With recent advances in embedded machine learning and edge AI, it is now possible to perform real-time classification directly on microcontrollers. This project leverages these technologies to develop a lightweight, on-device bird sound recognition system. By enabling low-cost, portable, and offline acoustic monitoring, our solution aims to support scalable and autonomous biodiversity tracking in natural and urban habitats.
Methodology
The development of the bird sound classification system involved the following key steps:
-
Data Collection and Preprocessing:
Curated a dataset comprising bird vocalizations and background noise. Audio samples were processed using Mel-Frequency Cepstral Coefficients (MFCC) to extract meaningful time-frequency features. -
Model Development:
Designed and trained a lightweight Convolutional Neural Network (CNN) using TensorFlow, specifically tailored for embedded deployment on microcontrollers. -
Model Optimization:
Applied post-training quantization to reduce memory footprint and ensure compatibility with constrained hardware environments. -
Deployment Preparation:
Converted the quantized model into TensorFlow Lite (.tflite) format and packaged it using Edge Impulse deployment tools. This generated platform-specific binaries, including a Windows batch file, for streamlined flashing onto the target device. -
Edge Deployment and Testing:
Flashed the model onto the Arduino Nano 33 BLE Sense and tested its performance with live audio input, enabling real-time classification directly on the device. -
Web Interface Development:
Built a local web interface using the Flask framework to display classification results in real time. This interface allows users to monitor bird detections over Wi-Fi within the local network, enhancing accessibility and usability.
List of hardware required and their specifications
| Components | Specifications |
|---|---|
| Arduino Nano 33 BLE Sense | ARM Cortex-M4F, onboard PDM mic, BLE |
| USB Cable | - |
| PC/Laptop | For development and flashing firmware |
List of software used
- TensorFlow 2.x – Model development, training, and quantization
- Librosa – Audio preprocessing and MFCC feature extraction
- Jupyter Notebook – Model training, evaluation, and TFLite conversion
- Edge Impulse Studio – Model packaging and deployment to Arduino
- Arduino IDE – Custom firmware integration and flashing
- Edge Impulse CLI / Serial Monitor – Real-time prediction monitoring
- Flask + Flask-SocketIO + Eventlet – Web interface for live result streaming over local network
Data collection & Preparation
We sourced bird vocalization recordings from Xeno-Canto, a globally recognized repository dedicated to sharing bird sounds.
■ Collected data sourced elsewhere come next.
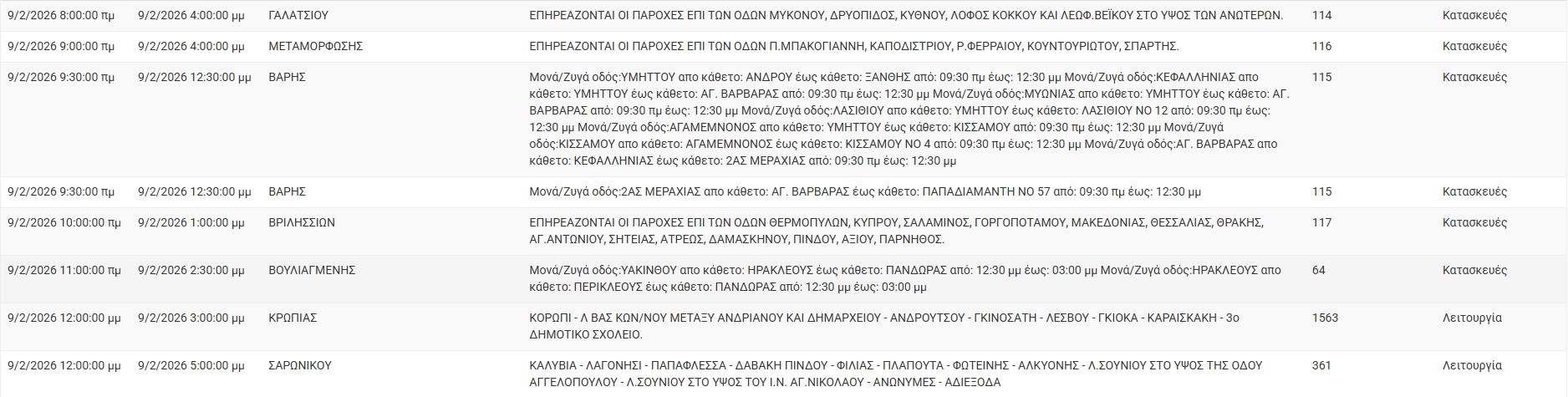 Διακοπές ρεύματος έχει προγραμματίσει για σήμερα, Δευτέρα 9 Φεβρουαρίου 2026, ο ΔΕΔΔΗΕ σε διάφορες περιοχές της Αττικής.
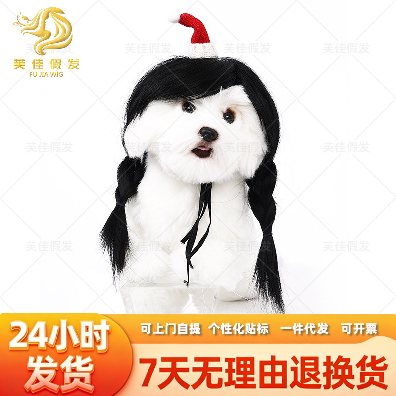 Wig anjing peliharaan baru persediaan hewan peliharaan lintas batas perhiasan hewan peliharaan Halloween Natal ekor kuda ganda
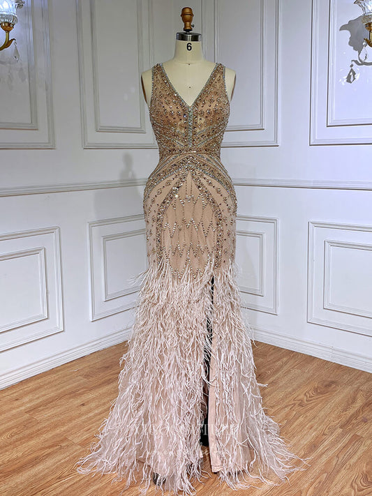 Vestido de fiesta vintage con plumas y cuentas, corte sirena, años 20, vestido de noche 22132

Recordings corresponding to each of the selected bird species were collected and annotated. Using the Edge Impulse data collection platform, we curated a well-structured dataset comprising 2,518 labelled audio samples across four bird species (hen_cock, Parakeet, crow, asean_koel) and background noise. This dataset was then processed and prepared specifically for the bird sound recognition task.
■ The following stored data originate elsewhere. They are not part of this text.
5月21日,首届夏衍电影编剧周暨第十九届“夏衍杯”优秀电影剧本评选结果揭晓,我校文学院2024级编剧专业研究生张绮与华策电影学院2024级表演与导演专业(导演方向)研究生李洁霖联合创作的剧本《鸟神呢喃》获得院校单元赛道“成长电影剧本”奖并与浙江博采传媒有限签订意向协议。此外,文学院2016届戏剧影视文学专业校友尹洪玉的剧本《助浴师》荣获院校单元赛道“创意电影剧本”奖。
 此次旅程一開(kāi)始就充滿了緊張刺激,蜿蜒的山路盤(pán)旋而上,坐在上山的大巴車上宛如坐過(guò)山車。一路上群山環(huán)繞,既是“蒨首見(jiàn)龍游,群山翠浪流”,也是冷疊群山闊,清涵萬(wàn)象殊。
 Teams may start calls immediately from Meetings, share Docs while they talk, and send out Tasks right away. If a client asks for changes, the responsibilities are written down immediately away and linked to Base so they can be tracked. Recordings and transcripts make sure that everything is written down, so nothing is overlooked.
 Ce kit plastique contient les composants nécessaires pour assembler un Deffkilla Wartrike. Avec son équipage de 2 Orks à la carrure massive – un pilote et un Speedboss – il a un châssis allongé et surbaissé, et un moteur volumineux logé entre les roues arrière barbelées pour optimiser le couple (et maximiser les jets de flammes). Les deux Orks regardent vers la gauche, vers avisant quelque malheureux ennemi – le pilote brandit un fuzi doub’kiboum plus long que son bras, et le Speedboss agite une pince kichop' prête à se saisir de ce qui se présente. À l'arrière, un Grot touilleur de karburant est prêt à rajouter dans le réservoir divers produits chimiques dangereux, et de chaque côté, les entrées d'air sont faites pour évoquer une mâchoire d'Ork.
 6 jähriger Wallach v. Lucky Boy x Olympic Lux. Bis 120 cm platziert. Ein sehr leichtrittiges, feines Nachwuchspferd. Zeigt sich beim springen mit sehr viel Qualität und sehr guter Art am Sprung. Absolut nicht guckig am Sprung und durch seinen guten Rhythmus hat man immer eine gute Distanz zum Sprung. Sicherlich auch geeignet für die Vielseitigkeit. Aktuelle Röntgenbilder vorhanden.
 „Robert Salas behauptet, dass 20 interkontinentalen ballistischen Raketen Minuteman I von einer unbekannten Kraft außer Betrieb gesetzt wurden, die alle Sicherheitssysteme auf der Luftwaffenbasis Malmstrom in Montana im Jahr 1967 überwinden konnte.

To prepare the data for training:
- The dataset was read using pandas, and audio files were loaded using Librosa.
- Initially, FFT-based features were tested but yielded unstable results.
- The pipeline was then switched to Mel-Frequency Cepstral Coefficients (MFCC), which provided better time-frequency resolution and model performance.
- Each audio file was transformed into an MFCC feature array with shape
(13, 32, 1), suitable for input into a lightweight CNN classifier. - Optional augmentations and careful normalization were applied during preprocessing to improve generalization and model robustness.
Model development and compression
The trained CNN model was quantized using full integer quantization with a representative dataset to calibrate the activation ranges. All operations, inputs, and outputs were forced to use int8 precision, resulting in a highly compact .tflite model (~9KB) suitable for deployment on memory-constrained microcontrollers.
Model deployment
- The fully quantized
.tflitemodel (~9 KB) was uploaded to Edge Impulse Studio for deployment. - Configured with:
- Input shape:
(13, 32, 1)(corresponding to MFCC features) - Output classes: 5 (4 bird species + background noise)
- Input shape:
- Deployed using the Arduino Nano 33 BLE Sense firmware option, which generated:
- A platform-specific firmware binary (
.bin) - Flashing scripts (
flash_mac.command/flash_windows.bat)
- A platform-specific firmware binary (
- The device was flashed via USB and tested successfully using real-time audio from the onboard microphone, enabling offline, on-device inference.
- Additionally, the same model was integrated into a Flask-based local web server, using Flask-SocketIO and Eventlet to stream classification results over Wi-Fi in real time, providing a user-friendly monitoring interface.
Prototype and Demo
Once deployed, the Arduino Nano 33 BLE Sense continuously listens to environmental audio through its onboard microphone and performs real-time inference using the quantized CNN model. Classification results, including predicted class labels and confidence scores, are streamed over the serial interface at 115200 baud, which is monitored using the Arduino Serial Monitor.
To validate the system, we tested it with a variety of pre-recorded bird call samples and real-world ambient sounds. The model reliably distinguished between the target bird species and background noise, demonstrating robust edge performance even under constrained resources.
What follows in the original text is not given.